- Work item
The whole listing is to be restated word for word with no images.
Material provided START
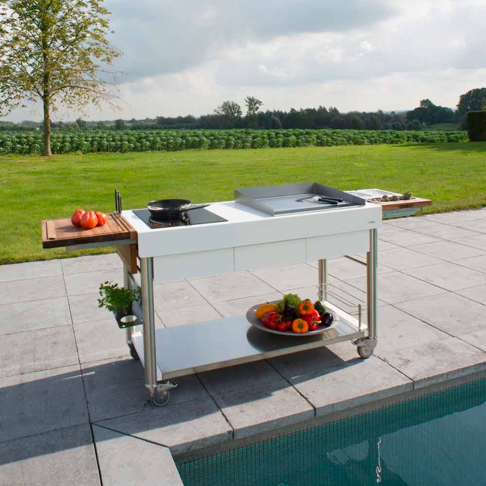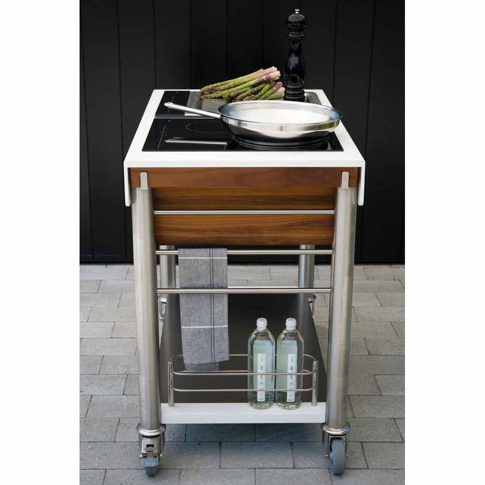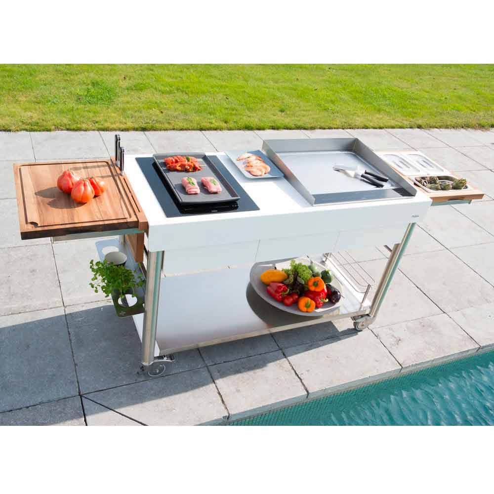 Shtë një kuzhinë në natyrë në rrota e karakterizuar nga një strukturë e fortë që përdor çelik inoxi të krehur , përfundon dhe krye të përbërë me cilësi të lartë me dru arre të ngurta, ju mund të vendosni aty ku preferoni: në kopsht, në tarracë apo pishinë, për një efekt luksoz dhe trend.
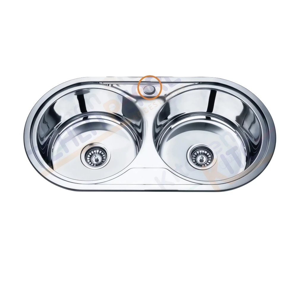 مغسلة مطبخ ستانلس ستيل بعينين دائريتين — للتركيب في الرخام (درجة 304) — مقاس 84×44 سم
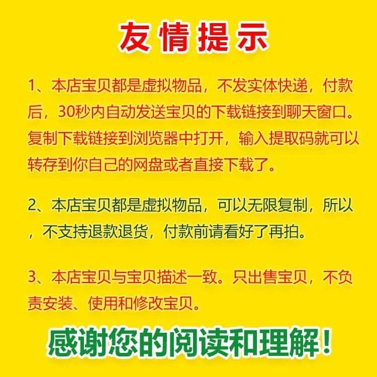 2、本店宝贝都是虚拟物品,可以无限复制,所以不支持退款退货,付款前请看好了再拍。
Material provided END
- Task output
 Shtë një kuzhinë në natyrë në rrota e karakterizuar nga një strukturë e fortë që përdor çelik inoxi të krehur , përfundon dhe krye të përbërë me cilësi të lartë me dru arre të ngurta, ju mund të vendosni aty ku preferoni: në kopsht, në tarracë apo pishinë, për një efekt luksoz dhe trend.
 مغسلة مطبخ ستانلس ستيل بعينين دائريتين — للتركيب في الرخام (درجة 304) — مقاس 84×44 سم
 2、本店宝贝都是虚拟物品,可以无限复制,所以不支持退款退货,付款前请看好了再拍。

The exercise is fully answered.